Ademais, Rodrigues, Assmar e Jablonski (2002) asseveram que as atitudes são oriundas do processo de socialização, resultam da aprendizagem e são decorrentes dos traços individuais da personalidade ou de fatores determinantes sociais expressos por meio dos componentes cognitivos, afetivos e comportamentais. No âmbito do componente cognitivo, que engloba crenças, preconceitos e conhecimentos, o trabalho ou a representação deste, relaciona-se com atitudes relativas a esse objeto. O componente afetivo, por seu turno, revela as características nítidas das atitudes sociais, com implicações de sentimentos favoráveis ou desfavoráveis e, por fim, o componente comportamental, gerado em decorrência da interação entre os anteriores, que prevê a ação do indivíduo na intenção de adotar determinado comportamento.
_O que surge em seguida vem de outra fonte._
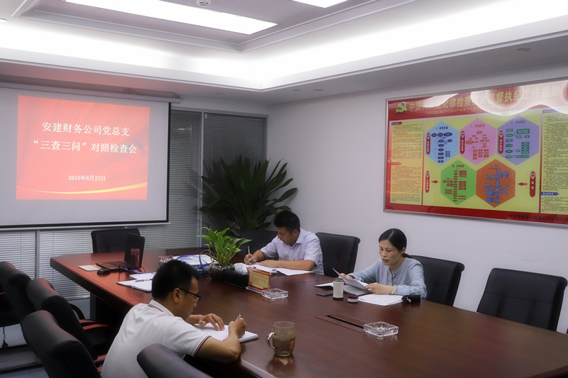 8月23日下午,安建財(cái)務(wù)公司黨總支召開“三查三問”對照檢查會議,公司黨員領(lǐng)導(dǎo)班子成員參加,黨總支書記潘琳主持會議。

É esse conjunto de componentes que está por trás das atitudes que traduzem e explicitam as diferentes visões, concepções, representações sobre o trabalho que cada indivíduo apresenta e que por vezes resultam em conflitos interiores, bem como em conflitos no ambiente de trabalho.
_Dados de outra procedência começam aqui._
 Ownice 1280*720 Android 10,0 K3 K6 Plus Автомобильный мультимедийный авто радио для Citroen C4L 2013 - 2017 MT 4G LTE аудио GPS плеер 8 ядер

Ao reconhecer a impossibilidade de se poder prescrever ou decretar sentido ao trabalho, Lhuilier (2013) traça o claro limite entre sentido e significado, circunscrevendo a grande diferença entre eles. Estende, porém a abrangência do sentido ao afirmar que ele é “sempre construído num duplo movimento de investimento de desejos inconscientes e de validações sociais.” (p. 486).
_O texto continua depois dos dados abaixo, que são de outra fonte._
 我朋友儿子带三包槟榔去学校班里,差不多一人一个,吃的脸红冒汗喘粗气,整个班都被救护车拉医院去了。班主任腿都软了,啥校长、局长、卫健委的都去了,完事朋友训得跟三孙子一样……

Além disso, o trabalho - como ação, atividade - adquire sentido quando há reconhecimento para o seu resultado, primeiro pelo próprio trabalhador quando esse trabalho corresponde aos seus valores e ideais; depois quando é reconhecido pelos outros. Nessa situação ocorre a boa “utilização de si”, termo eleito por Lhuilier (2013), mais bem abordado no próximo parágrafo, com a identidade se estabelecendo pelo processo de

criação, com a criatura manifestando sua singularidade, impondo a sua marca nas suas práticas de trabalho.

A concepção marxista do trabalho está relacionada com a dualidade da “utilização de si” por Lhuilier (2013). Para a autora é pela atividade que o palco do trabalho se revela, podendo apresentar uma das facetas: ou o trabalho sonhado, desejado, ou o trabalho prescrito, num encontro único do sujeito consigo mesmo, com o outro e com o trabalho real, experienciado. Na autorrelação, o sujeito se depara com seus recursos potenciais, limitações, motivações, desejos conscientes e inconscientes que se configuram como fantasmas circunscritos ao seu empenho no trabalho. A contribuição do trabalho na construção – ou desconstrução – do sujeito passa pela utilização que ele permite que os outros façam de si e o que ele próprio utiliza de si. Essa dualidade da “utilização de si” encontra ressonância na história pessoal e no contexto social podendo adquirir significado positivo quando a contribuição dada com o seu trabalho é essencial para a vida comum e oferece acesso à realização pessoal na esfera social.

É nesse sentido que encontra eco em Marx, quando esse trabalho está associado à criatividade, à liberdade, pois é pela atividade que o homem, ao transformar a natureza, também transforma a sua natureza. Contudo, a versão oposta, quando essa utilização de si não encontra sentido na identificação com as atividades, ou não é valorizada pela contribuição dada, pelo retorno recebido em termos de identificação e reconhecimento, então o trabalho passa a apresentar uma versão negativa, um castigo, a maldição do pecado original, como identificado pela autora ao complementar que o trabalho sai da dimensão emancipadora e evidencia apenas seu caráter de necessidade, de constrangimento.

O trabalho ainda é uma atividade central na vida das pessoas, importante para o processo de identidade e para a construção de si mesmo. Como descrito anteriormente, o

trabalho pode assumir um significado positivo ou negativo, sendo esse significado dinâmico, que se modifica diante de novas situações, de novos contextos históricos, sociais, culturais e econômicos. Desse modo, sendo o trabalho uma esfera muito importante na vida, torna-se válido refletir sobre sua contribuição para a qualidade de vida das pessoas.